# graka und heatpipe



## chris_sit (8. Juli 2003)

hi leute,


der luefter meiner leadtek winfast 250LE bereitet mir in letzter zeit etwas kummer... er ist im vergleich zu frueher lauter geworden, ich glaube sogar, dass er nimmer ganz "rund-laeuft" und daher ein kratzendes geraeusch von sich gibt.. 


hat von euch jemand erfahrungen mit der GF4 TI4200 von Leadtek und einer Zalman Heatpipe gemacht, wuerd mich ueber eure erfahrungsberichte freuen!

danke
chris


----------



## QLinK (30. Juli 2003)

Hi.

Ich habe zwar noch keine Erfahrungen mit der Heatpipe gemacht,
aber mein Lüfter auf der Ti4200 hat auch gesponnen.

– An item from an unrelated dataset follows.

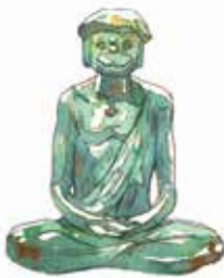
公西会商店街の旗が こちら。他にもかつぱ モチーフがたくさん!

Also hab ich mich mal umgesehen, und bin auf die
marke Eigenbau von Dirkvader.de gestoßen.

die sind leise, haben ne enorme Kühlleistung, und können den Umständen
entsprechend angepasst werden (adapterkabel liegen bei).

Taugen also für den Silent freak genauso wie für den Overclocker.

Ich besitze selbst so ein Teil und bin voll und ganz zufrieden damit.

Kann ich nur empfehlen.
zu kaufen gibts die bei http://www.ichbinleise.de unter der Rubrik VGA-Kühler. Und günstiger wie ne Heatpipe sind sie auch noch 
mfg


----------